● **TO DO**: Everything in the listing should be set down exactly, apart from the pictures.

● **RECORDS FOR THIS EXERCISE**:
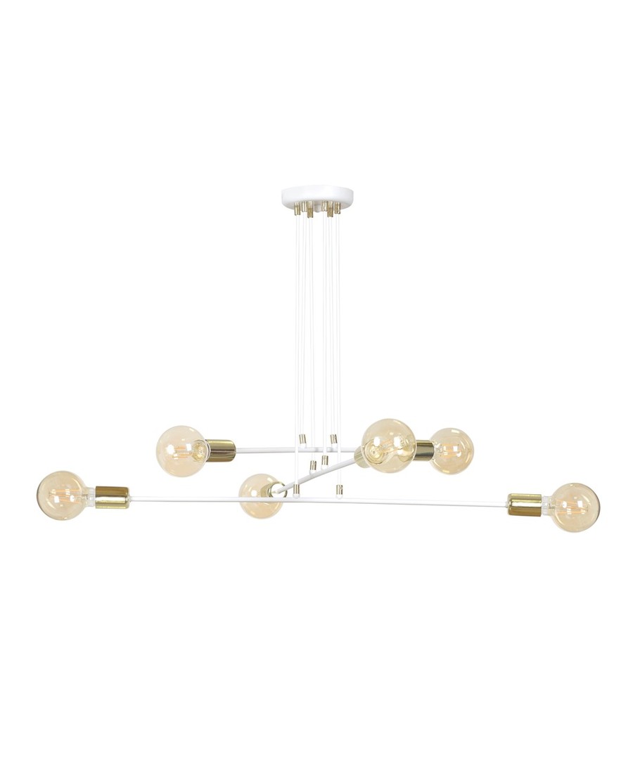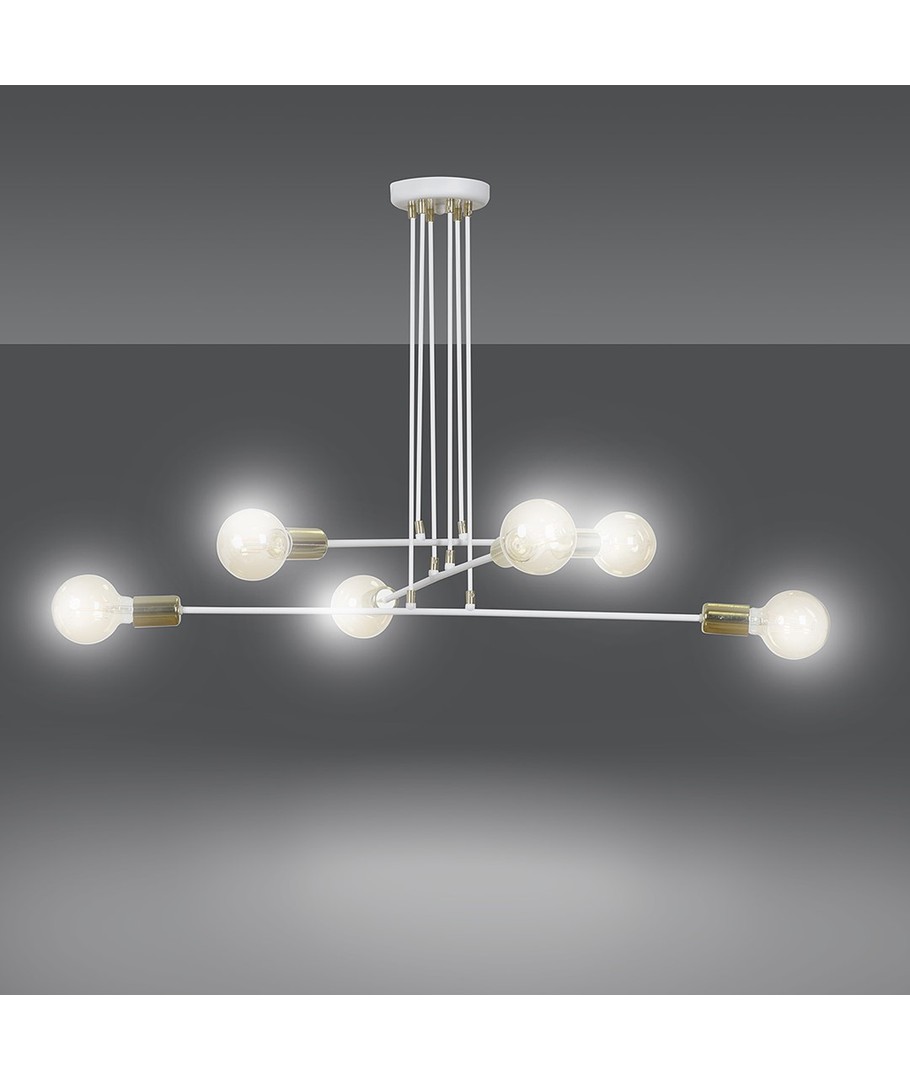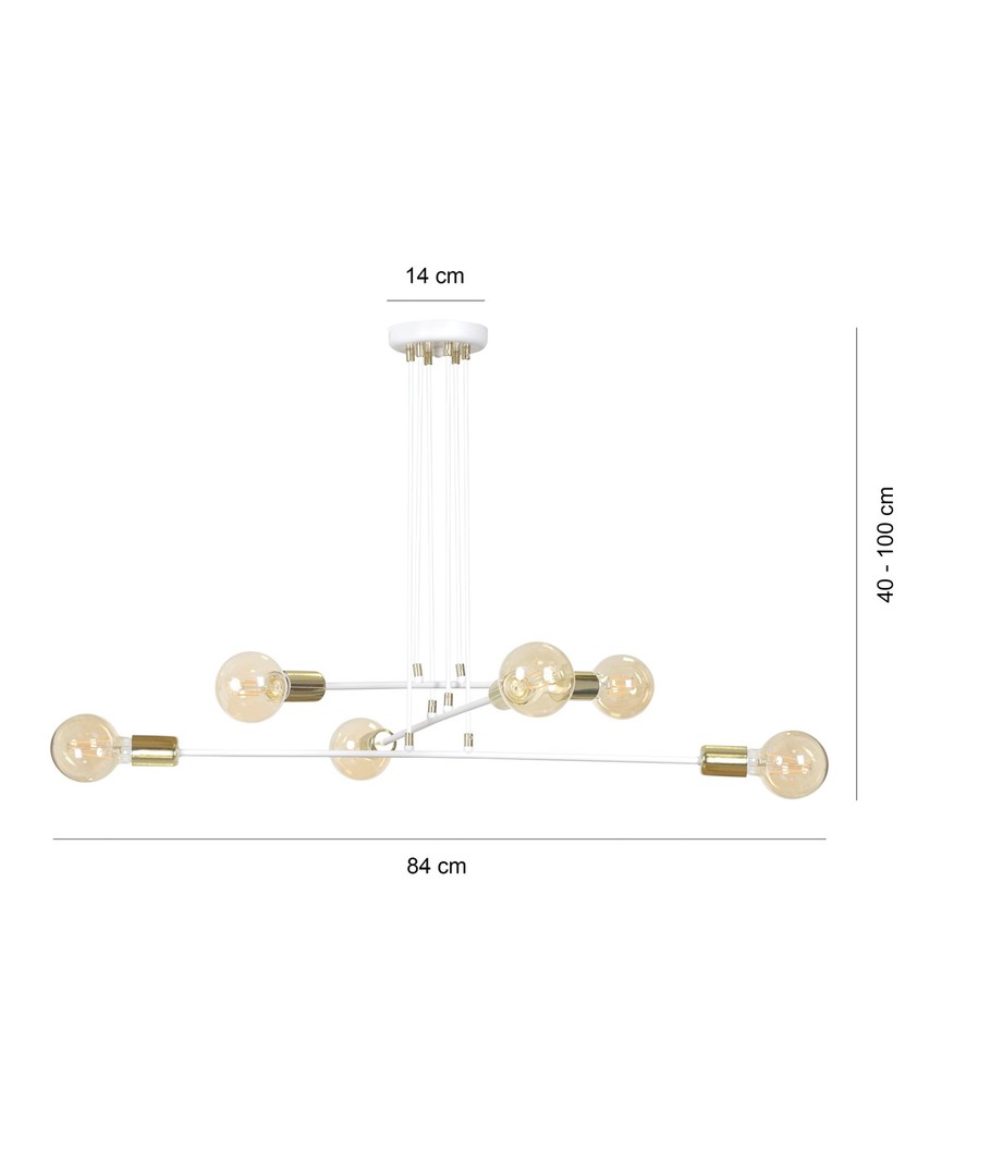 Vesio 6 hvit pendellampe er den perfekte kombinasjon av minimalisme og eleganse. Den er designet for høye takrom med sin unike og luftige konstruksjon. Med sine seks sokler og gyldne detaljer tilfører den et snev av luksus til ethvert rom, samtidig som den sikrer optimal belysning. Lampens industrielle design er ideelt for å skape en moderne og stilfull atmosfære i hjemmet. Den justerbare høyden gjør det enkelt å tilpasse lampen til forskjellige romhøyder, noe som gjør den både praktisk og allsidig.
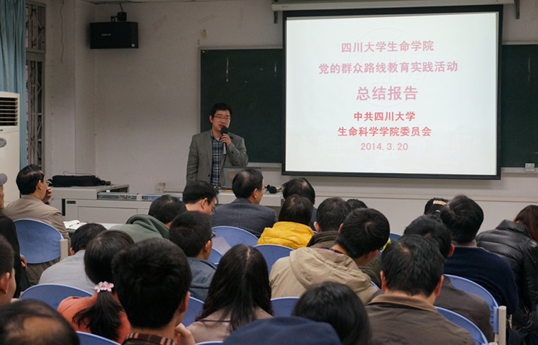 廖爱民副书记代表学院党委作党的群众路线教育实践活动总结报告。他从三个方面就生命学院开展党的群众路线教育实践活动进行了总结:一、加强领导、落实责任,使群众路线教育实践活动工作到位。学院根据中央及学校文件要求制定实施方案,建立领导小组,通过广泛动员和宣传,使群众路线教育活动深入人心,并在执行过程中严格要求,注重实效;二、统筹兼顾、协调推进,切实做好了教育实践活动各环节工作。学院领导班子多次集中学习、认真研读教育实践活动的有关文件资料,通过座谈会、调差问卷等方式深入调查研究,广泛听取意见,并通过民主生活会等形式深入开展批评与自我批评;三、教育实践活动取得的成效,领导班子存在的问题及下一步努力方向。通过党的群众路线教育实践活动,学院领导干部思想认识普遍提高,使班子成员理想信念进一步坚定。通过围绕“四风”查摆问题,紧密联系工作实际和思想实际,认真开展批评和自我批评,开展积极健康的思想斗争,敢于揭短亮丑,真正触及思想和灵魂。学院领导班子坚持把教育实践活动作为推动试点学院跨越发展的重要动力,与学科发展、人才培养、科学研究等中心工作结合起来,坚持“两手抓、两促进、两不误”,取得了明显成效。学院领导班子将进一步切实抓好整改落实、建章立制的各项后续工作,按照整改方案的任务书、时间表,一项一项抓落实。
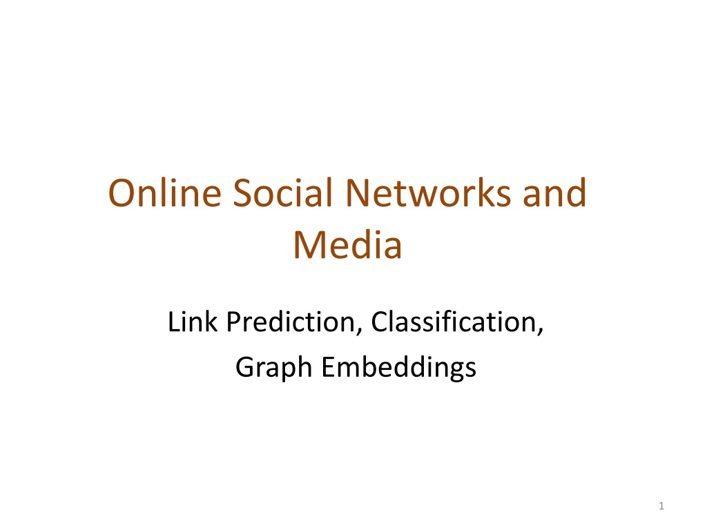 Online Social Networks and Media Link Prediction, Classification, Graph Embeddings 1
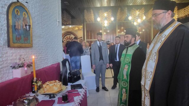 Obred sečenja slavskog kolača služio je protojerej Dejan Krstić, rektor Bogoslovije Svetog Kirila i Metodija u Nišu.
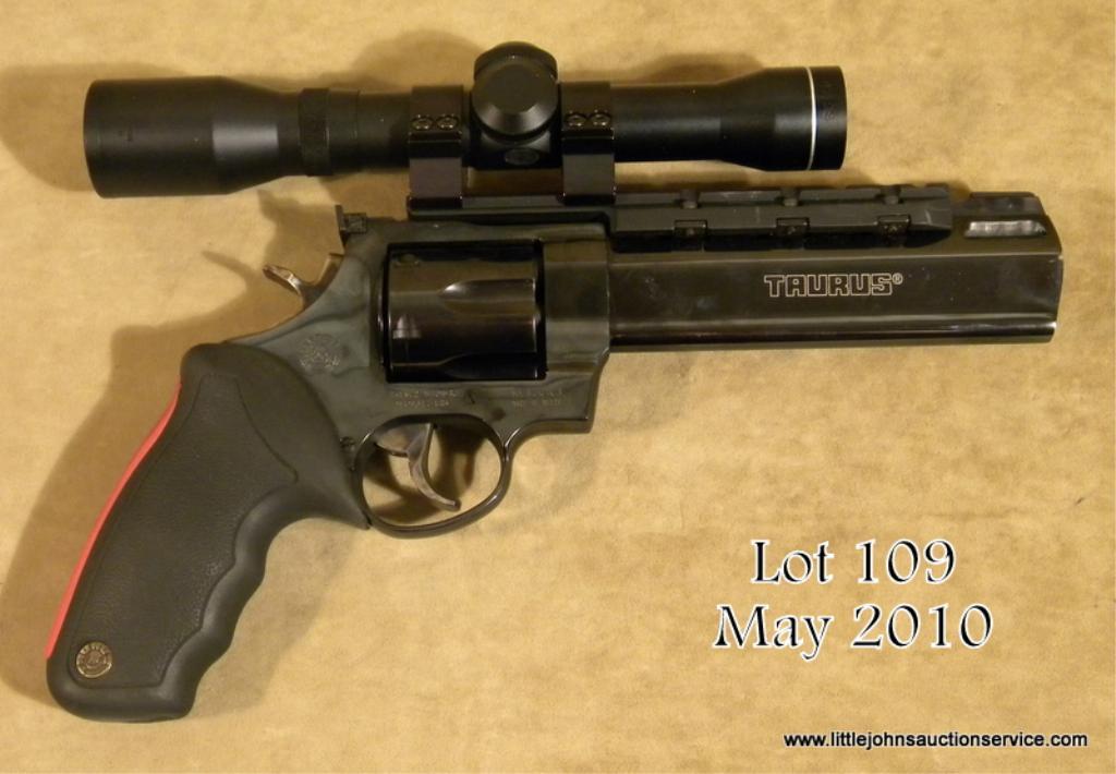 Taurus Raging Bull Model DA revolver, .44 Magnum cal., 6-1/2” barrel with built-in compensator, blue finish, finger groove Taurus combat hard rubber grips, #0448444. This gun is in overall excellent condition showing approx. 98% originalfinish with crisp action, excellent bore and very good grips. The gun is mounted with a Tasco 4 x 28 scope with adjustable Taurus Model 454 sight base. Est.: $400-$600.

● **SOLUTION TO THE PROBLEM**:
 Vesio 6 hvit pendellampe er den perfekte kombinasjon av minimalisme og eleganse. Den er designet for høye takrom med sin unike og luftige konstruksjon. Med sine seks sokler og gyldne detaljer tilfører den et snev av luksus til ethvert rom, samtidig som den sikrer optimal belysning. Lampens industrielle design er ideelt for å skape en moderne og stilfull atmosfære i hjemmet. Den justerbare høyden gjør det enkelt å tilpasse lampen til forskjellige romhøyder, noe som gjør den både praktisk og allsidig.
 廖爱民副书记代表学院党委作党的群众路线教育实践活动总结报告。他从三个方面就生命学院开展党的群众路线教育实践活动进行了总结:一、加强领导、落实责任,使群众路线教育实践活动工作到位。学院根据中央及学校文件要求制定实施方案,建立领导小组,通过广泛动员和宣传,使群众路线教育活动深入人心,并在执行过程中严格要求,注重实效;二、统筹兼顾、协调推进,切实做好了教育实践活动各环节工作。学院领导班子多次集中学习、认真研读教育实践活动的有关文件资料,通过座谈会、调差问卷等方式深入调查研究,广泛听取意见,并通过民主生活会等形式深入开展批评与自我批评;三、教育实践活动取得的成效,领导班子存在的问题及下一步努力方向。通过党的群众路线教育实践活动,学院领导干部思想认识普遍提高,使班子成员理想信念进一步坚定。通过围绕“四风”查摆问题,紧密联系工作实际和思想实际,认真开展批评和自我批评,开展积极健康的思想斗争,敢于揭短亮丑,真正触及思想和灵魂。学院领导班子坚持把教育实践活动作为推动试点学院跨越发展的重要动力,与学科发展、人才培养、科学研究等中心工作结合起来,坚持“两手抓、两促进、两不误”,取得了明显成效。学院领导班子将进一步切实抓好整改落实、建章立制的各项后续工作,按照整改方案的任务书、时间表,一项一项抓落实。
 Online Social Networks and Media Link Prediction, Classification, Graph Embeddings 1
 Obred sečenja slavskog kolača služio je protojerej Dejan Krstić, rektor Bogoslovije Svetog Kirila i Metodija u Nišu.
 Taurus Raging Bull Model DA revolver, .44 Magnum cal., 6-1/2” barrel with built-in compensator, blue finish, finger groove Taurus combat hard rubber grips, #0448444. This gun is in overall excellent condition showing approx. 98% originalfinish with crisp action, excellent bore and very good grips. The gun is mounted with a Tasco 4 x 28 scope with adjustable Taurus Model 454 sight base. Est.: $400-$600.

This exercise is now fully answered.